- _Brief_
Word for word, return the lines from the start of the entries below through the line that has "2025-11-26 祝贺张丽老师在泰州市青年基本功大赛中荣获一等奖".

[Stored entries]
------------------------------------------------

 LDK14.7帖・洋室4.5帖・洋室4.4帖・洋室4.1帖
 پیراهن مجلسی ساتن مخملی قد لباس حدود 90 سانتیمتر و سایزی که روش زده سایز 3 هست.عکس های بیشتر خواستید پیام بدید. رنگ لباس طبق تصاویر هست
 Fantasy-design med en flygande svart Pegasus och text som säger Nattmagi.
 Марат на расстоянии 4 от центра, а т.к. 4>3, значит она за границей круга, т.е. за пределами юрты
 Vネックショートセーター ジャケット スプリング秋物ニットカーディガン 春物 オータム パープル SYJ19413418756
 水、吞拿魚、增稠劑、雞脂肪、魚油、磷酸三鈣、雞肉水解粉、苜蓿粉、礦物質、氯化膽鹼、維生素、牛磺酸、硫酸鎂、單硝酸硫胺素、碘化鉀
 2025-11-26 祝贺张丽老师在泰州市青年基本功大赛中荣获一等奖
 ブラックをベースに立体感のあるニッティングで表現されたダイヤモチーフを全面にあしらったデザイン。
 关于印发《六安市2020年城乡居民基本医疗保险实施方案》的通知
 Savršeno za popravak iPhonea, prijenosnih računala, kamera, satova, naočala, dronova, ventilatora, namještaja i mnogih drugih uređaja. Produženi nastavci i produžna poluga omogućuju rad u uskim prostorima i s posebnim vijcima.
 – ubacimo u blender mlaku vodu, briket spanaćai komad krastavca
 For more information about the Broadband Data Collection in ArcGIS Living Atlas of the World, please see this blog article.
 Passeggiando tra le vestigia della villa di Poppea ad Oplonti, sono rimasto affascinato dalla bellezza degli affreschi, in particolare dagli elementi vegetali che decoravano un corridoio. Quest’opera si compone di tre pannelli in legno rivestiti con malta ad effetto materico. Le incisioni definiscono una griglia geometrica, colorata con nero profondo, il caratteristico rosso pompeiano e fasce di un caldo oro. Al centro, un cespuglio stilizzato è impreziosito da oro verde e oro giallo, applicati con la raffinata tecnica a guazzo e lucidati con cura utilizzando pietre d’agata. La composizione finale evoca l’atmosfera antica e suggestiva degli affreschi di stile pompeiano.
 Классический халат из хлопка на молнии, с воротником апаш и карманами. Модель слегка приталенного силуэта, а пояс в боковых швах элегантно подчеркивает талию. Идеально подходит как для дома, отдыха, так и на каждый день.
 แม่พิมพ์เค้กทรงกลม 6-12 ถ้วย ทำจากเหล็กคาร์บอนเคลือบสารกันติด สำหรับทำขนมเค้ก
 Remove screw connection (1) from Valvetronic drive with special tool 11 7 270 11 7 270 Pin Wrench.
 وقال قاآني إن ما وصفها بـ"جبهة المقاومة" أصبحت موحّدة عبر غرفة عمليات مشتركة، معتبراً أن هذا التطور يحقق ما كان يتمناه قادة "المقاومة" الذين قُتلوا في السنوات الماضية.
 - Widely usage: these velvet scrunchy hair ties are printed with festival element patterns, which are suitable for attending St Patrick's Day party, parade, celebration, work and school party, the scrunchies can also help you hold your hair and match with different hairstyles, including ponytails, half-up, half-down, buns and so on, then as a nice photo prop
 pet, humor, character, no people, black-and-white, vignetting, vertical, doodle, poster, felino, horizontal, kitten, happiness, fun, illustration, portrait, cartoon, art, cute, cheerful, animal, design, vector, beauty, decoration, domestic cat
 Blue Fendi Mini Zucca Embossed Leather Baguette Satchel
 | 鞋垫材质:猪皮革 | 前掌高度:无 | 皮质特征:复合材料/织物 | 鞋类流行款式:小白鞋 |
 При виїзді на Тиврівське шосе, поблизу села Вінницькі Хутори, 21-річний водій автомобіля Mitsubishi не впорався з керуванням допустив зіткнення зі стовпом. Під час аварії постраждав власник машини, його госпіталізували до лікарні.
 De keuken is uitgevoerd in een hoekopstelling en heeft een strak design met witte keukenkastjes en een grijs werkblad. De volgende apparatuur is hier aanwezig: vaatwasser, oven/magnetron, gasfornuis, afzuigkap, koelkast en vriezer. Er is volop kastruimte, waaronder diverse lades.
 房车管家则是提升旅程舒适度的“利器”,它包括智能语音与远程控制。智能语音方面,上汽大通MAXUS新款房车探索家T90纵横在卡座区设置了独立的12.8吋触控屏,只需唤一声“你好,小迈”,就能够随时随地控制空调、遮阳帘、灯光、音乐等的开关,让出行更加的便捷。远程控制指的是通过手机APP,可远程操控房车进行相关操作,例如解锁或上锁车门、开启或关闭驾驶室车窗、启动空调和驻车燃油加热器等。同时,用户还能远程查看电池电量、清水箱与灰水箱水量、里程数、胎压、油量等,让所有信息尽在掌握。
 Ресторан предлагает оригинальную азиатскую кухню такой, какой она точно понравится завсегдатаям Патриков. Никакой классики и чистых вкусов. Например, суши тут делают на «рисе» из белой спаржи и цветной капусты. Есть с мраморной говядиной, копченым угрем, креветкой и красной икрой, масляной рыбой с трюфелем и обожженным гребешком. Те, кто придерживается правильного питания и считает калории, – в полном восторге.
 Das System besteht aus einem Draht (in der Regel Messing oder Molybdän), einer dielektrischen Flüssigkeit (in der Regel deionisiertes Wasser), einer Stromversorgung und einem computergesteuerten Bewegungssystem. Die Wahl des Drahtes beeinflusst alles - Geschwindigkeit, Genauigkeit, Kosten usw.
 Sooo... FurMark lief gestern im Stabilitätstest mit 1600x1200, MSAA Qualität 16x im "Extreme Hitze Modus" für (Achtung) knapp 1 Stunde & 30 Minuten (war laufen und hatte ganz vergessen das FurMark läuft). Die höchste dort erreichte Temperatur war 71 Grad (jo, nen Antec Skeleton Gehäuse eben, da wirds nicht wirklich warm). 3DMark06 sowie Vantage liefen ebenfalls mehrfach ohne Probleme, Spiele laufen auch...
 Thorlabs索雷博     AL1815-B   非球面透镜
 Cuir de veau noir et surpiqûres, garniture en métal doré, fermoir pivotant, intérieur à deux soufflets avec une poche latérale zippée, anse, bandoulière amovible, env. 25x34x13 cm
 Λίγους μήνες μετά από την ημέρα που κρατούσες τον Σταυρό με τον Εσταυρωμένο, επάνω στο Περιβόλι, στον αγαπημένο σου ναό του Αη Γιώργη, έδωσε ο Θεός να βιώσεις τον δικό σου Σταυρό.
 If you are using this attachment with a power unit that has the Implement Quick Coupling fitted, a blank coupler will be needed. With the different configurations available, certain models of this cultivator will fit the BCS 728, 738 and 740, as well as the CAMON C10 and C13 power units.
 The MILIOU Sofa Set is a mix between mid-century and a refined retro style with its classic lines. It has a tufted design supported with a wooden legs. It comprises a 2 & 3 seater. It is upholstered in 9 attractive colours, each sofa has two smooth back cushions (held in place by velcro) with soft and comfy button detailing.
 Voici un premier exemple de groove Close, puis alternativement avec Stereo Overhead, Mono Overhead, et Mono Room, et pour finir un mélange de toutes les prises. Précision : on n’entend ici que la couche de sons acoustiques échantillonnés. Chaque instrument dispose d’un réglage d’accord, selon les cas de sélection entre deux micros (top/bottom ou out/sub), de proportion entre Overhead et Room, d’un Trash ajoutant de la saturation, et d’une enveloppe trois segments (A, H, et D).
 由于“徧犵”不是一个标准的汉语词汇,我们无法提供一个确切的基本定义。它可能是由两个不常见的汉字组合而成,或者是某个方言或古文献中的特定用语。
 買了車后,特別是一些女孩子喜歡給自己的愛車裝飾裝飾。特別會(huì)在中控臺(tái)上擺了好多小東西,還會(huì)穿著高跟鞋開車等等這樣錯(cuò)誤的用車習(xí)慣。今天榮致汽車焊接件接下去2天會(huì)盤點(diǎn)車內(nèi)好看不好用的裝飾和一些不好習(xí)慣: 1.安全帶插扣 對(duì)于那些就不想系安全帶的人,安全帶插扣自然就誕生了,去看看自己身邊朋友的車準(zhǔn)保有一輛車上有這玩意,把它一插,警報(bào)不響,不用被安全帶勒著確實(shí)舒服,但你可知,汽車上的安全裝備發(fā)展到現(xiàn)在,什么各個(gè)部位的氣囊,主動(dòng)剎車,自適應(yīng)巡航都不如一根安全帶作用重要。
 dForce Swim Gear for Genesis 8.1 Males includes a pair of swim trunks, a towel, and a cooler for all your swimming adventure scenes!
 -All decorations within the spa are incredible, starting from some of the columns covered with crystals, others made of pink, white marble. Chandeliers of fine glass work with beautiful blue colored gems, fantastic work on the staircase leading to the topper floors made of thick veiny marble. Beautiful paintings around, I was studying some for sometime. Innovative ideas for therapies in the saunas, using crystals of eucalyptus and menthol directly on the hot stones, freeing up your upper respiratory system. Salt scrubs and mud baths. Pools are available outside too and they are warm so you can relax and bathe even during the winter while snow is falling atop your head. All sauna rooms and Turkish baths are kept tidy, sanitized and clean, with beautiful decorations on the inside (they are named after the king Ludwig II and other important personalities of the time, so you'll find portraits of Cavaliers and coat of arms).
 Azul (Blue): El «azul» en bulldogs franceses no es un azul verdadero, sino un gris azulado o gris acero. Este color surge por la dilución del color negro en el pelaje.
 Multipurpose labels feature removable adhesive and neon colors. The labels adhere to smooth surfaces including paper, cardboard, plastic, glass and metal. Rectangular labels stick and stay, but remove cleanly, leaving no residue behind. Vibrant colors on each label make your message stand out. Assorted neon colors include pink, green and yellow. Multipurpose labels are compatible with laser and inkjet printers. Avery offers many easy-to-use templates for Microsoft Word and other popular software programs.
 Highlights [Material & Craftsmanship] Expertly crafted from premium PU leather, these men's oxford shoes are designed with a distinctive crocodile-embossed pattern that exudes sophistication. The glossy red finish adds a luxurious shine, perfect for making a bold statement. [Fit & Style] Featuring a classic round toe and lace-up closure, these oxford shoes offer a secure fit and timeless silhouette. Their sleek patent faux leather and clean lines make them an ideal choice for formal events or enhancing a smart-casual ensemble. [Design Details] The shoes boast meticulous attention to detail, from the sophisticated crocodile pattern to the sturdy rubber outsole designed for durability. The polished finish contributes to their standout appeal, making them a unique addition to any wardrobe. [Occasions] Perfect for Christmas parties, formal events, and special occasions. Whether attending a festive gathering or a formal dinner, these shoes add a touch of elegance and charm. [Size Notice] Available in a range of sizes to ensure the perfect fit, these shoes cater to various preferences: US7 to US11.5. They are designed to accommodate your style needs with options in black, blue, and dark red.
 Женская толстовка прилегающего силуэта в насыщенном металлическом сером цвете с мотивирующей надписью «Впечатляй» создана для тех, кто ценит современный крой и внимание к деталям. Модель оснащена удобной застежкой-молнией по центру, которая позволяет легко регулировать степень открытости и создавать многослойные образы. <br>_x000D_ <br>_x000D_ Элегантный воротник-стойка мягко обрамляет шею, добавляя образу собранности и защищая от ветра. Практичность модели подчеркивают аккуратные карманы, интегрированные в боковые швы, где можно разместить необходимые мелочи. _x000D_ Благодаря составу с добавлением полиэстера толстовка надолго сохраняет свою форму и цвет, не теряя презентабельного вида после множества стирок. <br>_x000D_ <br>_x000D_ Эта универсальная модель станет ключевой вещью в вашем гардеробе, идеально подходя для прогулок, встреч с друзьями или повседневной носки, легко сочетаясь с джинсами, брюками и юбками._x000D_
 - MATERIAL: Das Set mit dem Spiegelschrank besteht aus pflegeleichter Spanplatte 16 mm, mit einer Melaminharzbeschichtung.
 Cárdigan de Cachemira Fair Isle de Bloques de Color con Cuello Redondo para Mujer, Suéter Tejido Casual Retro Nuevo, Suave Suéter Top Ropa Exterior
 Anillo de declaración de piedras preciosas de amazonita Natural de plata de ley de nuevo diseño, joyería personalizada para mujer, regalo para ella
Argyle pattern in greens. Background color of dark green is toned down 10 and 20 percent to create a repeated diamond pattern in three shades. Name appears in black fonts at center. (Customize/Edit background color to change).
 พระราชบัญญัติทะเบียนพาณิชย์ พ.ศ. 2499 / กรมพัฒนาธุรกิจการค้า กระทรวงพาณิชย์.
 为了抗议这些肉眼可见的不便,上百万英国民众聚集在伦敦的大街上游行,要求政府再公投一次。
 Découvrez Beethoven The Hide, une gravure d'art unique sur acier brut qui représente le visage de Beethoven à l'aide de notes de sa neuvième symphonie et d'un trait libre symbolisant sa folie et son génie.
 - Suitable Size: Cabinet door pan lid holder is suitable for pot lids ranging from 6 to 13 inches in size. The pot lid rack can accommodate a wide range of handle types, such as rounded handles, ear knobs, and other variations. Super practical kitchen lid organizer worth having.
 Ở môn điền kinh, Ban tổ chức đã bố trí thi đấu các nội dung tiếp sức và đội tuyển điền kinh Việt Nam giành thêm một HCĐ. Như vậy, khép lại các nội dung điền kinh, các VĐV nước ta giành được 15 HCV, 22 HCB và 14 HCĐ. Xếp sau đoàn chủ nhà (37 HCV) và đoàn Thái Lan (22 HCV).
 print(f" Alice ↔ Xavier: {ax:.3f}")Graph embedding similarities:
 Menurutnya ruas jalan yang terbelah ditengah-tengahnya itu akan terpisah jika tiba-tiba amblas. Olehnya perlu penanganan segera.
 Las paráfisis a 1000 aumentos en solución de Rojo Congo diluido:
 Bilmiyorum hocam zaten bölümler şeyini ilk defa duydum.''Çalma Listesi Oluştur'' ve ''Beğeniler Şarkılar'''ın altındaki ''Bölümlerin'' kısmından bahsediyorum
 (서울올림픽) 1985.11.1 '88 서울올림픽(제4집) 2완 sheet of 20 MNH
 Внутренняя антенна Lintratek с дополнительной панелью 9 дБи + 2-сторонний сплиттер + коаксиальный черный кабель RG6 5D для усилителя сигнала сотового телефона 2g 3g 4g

------------------------------------------------

- _Response below_
 LDK14.7帖・洋室4.5帖・洋室4.4帖・洋室4.1帖
 پیراهن مجلسی ساتن مخملی قد لباس حدود 90 سانتیمتر و سایزی که روش زده سایز 3 هست.عکس های بیشتر خواستید پیام بدید. رنگ لباس طبق تصاویر هست
 Fantasy-design med en flygande svart Pegasus och text som säger Nattmagi.
 Марат на расстоянии 4 от центра, а т.к. 4>3, значит она за границей круга, т.е. за пределами юрты
 Vネックショートセーター ジャケット スプリング秋物ニットカーディガン 春物 オータム パープル SYJ19413418756
 水、吞拿魚、增稠劑、雞脂肪、魚油、磷酸三鈣、雞肉水解粉、苜蓿粉、礦物質、氯化膽鹼、維生素、牛磺酸、硫酸鎂、單硝酸硫胺素、碘化鉀
 2025-11-26 祝贺张丽老师在泰州市青年基本功大赛中荣获一等奖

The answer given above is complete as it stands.